# commutativity of a group

• Jan 28th 2010, 12:02 PM
nataliemarie
commutativity of a group
I'm trying to prove this problem but I'm not sure whether or not my answer is working. The problem states

"Let G be a group, with the following property: Whenever a, b, and c belong to G and ab=ca, then b=c. Prove that G is abelian."

I have solved for b and c using inverses, and got that b=a-1(ca) and c=(ab)a-1. The second half of the problem states that b=c. So I wanted to use replacement to show that the group is abelian. But I'm not sure if that would prove G is abelian for any arbitrary b and c or if its only commutative for this exact pair.
• Jan 28th 2010, 01:00 PM
clic-clac
Hi

Perhaps it is better to start with two elements, let's say \$\displaystyle a,b,\$ in \$\displaystyle G.\$ You want to prove \$\displaystyle ab=ba\$.

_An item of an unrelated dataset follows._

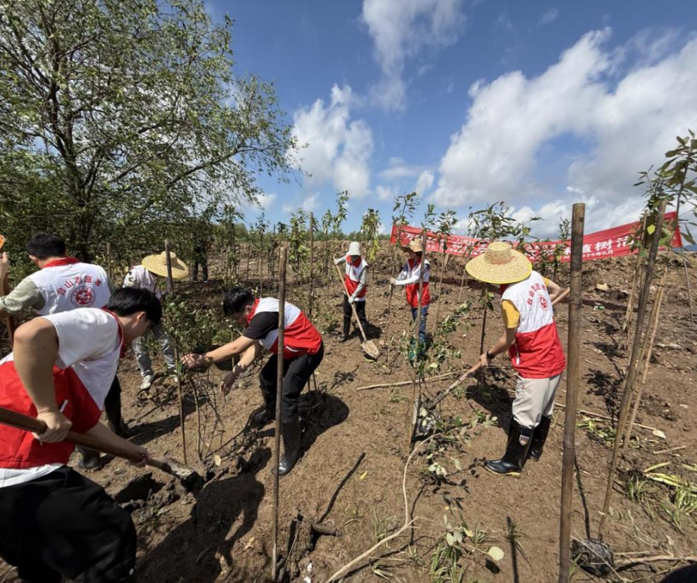 5月22日上午,市生态环境局台山分局联合台山市广海镇人民政府到广海镇烽火角开展“5.22国际生物多样性日”主题宣传活动暨“万物共生 和美永续”红树林植树活动,活动分两组,20余名志愿者参加活动。

Inverses are indeed often useful for group equations: take a look at \$\displaystyle ab=ab(a^{-1}a)\$ using associativity and your hypothesis.
• Jan 28th 2010, 01:31 PM
nataliemarie
I'm sorry I don't think I understand. I could regroup by the associative property stating
ab=(aba-1)a
and I previously found that c=(aba-1) so by replacement ab=ca so therefore b=c. But I'm still confused about how to prove the group is abelian. I'm missing something.
• Jan 28th 2010, 11:30 PM
clic-clac
Well, you have \$\displaystyle ab=(aba^{-1})a\$

You can define \$\displaystyle c:=aba^{-1}\$ if you want, so, by hypothesis, you have: \$\displaystyle b=c,\$ i.e. \$\displaystyle b=aba^{-1},\$ and you can conclude.
• Jan 29th 2010, 08:32 AM
nataliemarie
yea i realized that a couple minutes after i had replied. (Headbang) thank you sooo much for the explanation!